-------- DATASET CONTENT

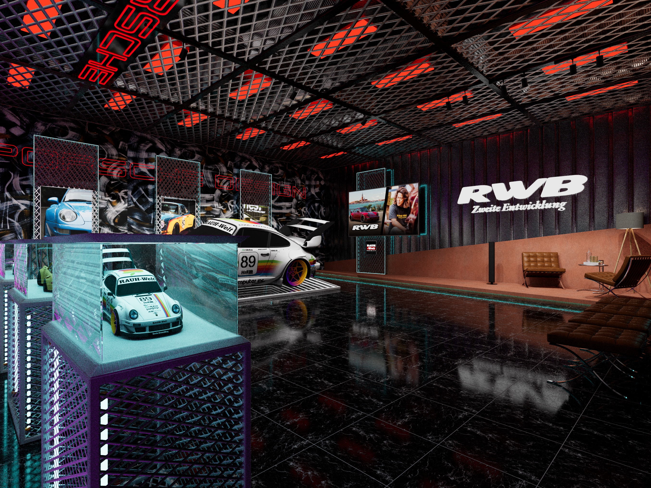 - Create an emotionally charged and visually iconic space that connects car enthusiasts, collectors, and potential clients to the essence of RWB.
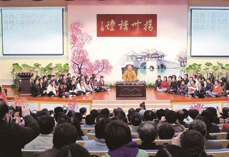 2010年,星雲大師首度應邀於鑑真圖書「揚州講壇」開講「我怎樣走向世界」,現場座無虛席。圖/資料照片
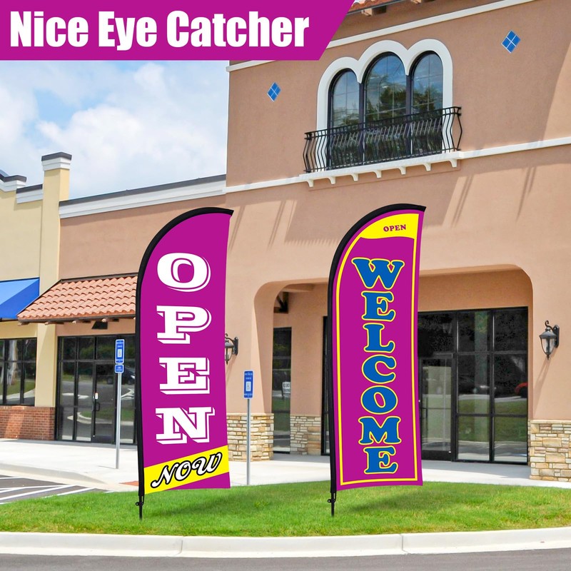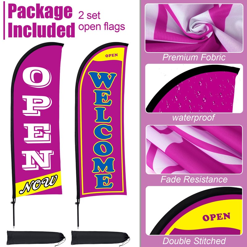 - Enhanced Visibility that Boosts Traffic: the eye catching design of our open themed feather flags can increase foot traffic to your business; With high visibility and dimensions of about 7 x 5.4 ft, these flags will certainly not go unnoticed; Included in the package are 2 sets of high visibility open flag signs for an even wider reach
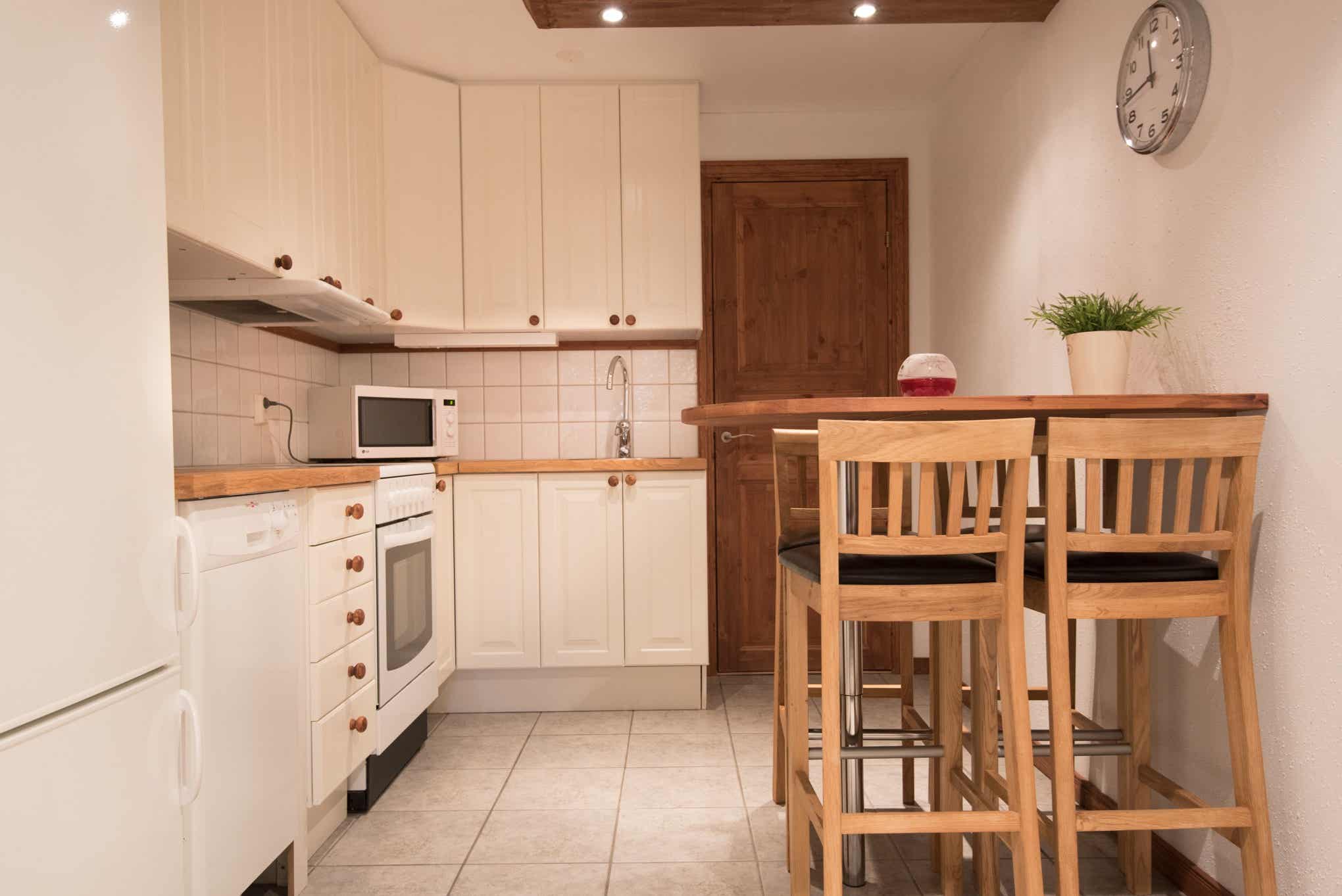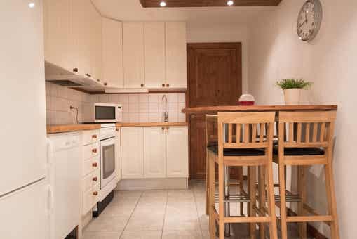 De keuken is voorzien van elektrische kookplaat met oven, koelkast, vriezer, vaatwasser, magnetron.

----------------

● EXERCISE
From the first line to the last, reproduce the listing above exactly, leaving the pictures out.

● SOLUTION TO THE EXERCISE
 - Create an emotionally charged and visually iconic space that connects car enthusiasts, collectors, and potential clients to the essence of RWB.
 2010年,星雲大師首度應邀於鑑真圖書「揚州講壇」開講「我怎樣走向世界」,現場座無虛席。圖/資料照片
 - Enhanced Visibility that Boosts Traffic: the eye catching design of our open themed feather flags can increase foot traffic to your business; With high visibility and dimensions of about 7 x 5.4 ft, these flags will certainly not go unnoticed; Included in the package are 2 sets of high visibility open flag signs for an even wider reach
 De keuken is voorzien van elektrische kookplaat met oven, koelkast, vriezer, vaatwasser, magnetron.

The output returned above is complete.